Related to this article
- Two Ways to Warm-up, and a Great Quote from John Barrows
Today in our horn pedagogy class the topic was the warm-up. One aspect of this that is little commented upon is there are essentially two ways to warm-up. For years and years I followed a basically set routine of approximately twenty minutes, primarily one based on... - When does Warm-Up End and Practice Begin?

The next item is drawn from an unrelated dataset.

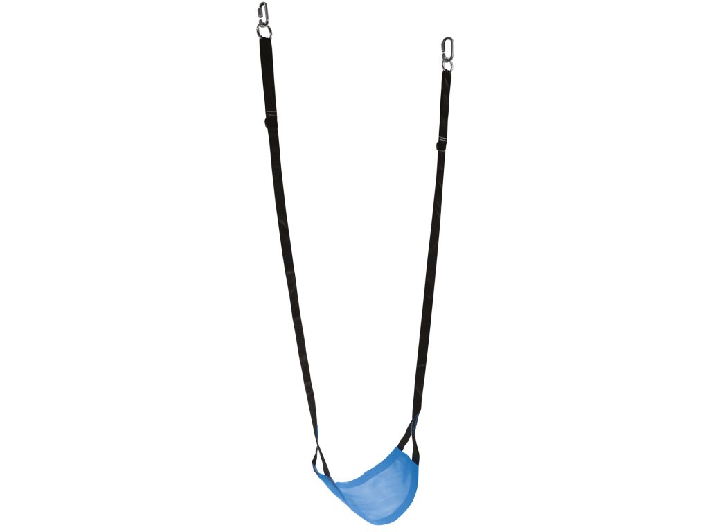 Dětská modrá houpačka, vyrobená z nylonových a polyesterových vláken. Houpačka je prodyšná neklouzavá a odolná. Je skladná a snadno se přenáší. Kovová spona umožňuje přizpůsobení délky lana podle velikosti dítěte.Doplňkové parametry
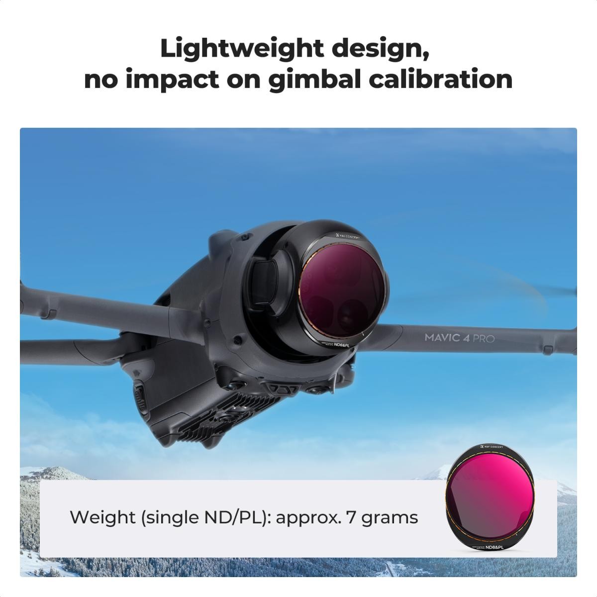 Dieses ND CPL 2-in-1-Filter-Kit wurde speziell für die DJI Mavic 4 Pro entwickelt und enthält 4 Filter: ND8&PL+ND16&PL+ND32&PL+ND64&PL. Einfach zu installieren, gleiche Installationsmethode wie die originale DJI-Objektivschutzfolie. Hergestellt aus importiertem AGC-Optikglas mit Mehrschichtvergütung, reduziert Blendeffekte und Reflexionen und sorgt für die Wiederherstellung der natürlichen Farben des Bildes.

I would propose that practice relates to working on actual music that you need to prepare for performance somewhere, such as for a lesson or for a concert. Warm-up is on the other hand a work-out designed to get you going before each playing session. One... - Horn 101: The Harmonic Series
This summer I taught several younger students and I had to explain to all of them about the harmonic series. The harmonic series are the notes you can play on one fingering, most easily illustrated for the notes of the open F horn: If your horn... - The Singer Heavy Routine
This week in the pedagogy class we focused on warm-up routines. One old standard discussed was the “Heavy Routine” found in Embouchure Building for French Horn by Joseph Singer. A classic publication from 1956, when I was a student I recall some of the big players... - Memorial Day
Growing up in Emporia, Kansas one of my main summer activities for several summers was playing concerts in the bandstand in Fremont Park with the Emporia Municipal Band. The season at that time always kicked off with a pair of Memorial Day services, one at the...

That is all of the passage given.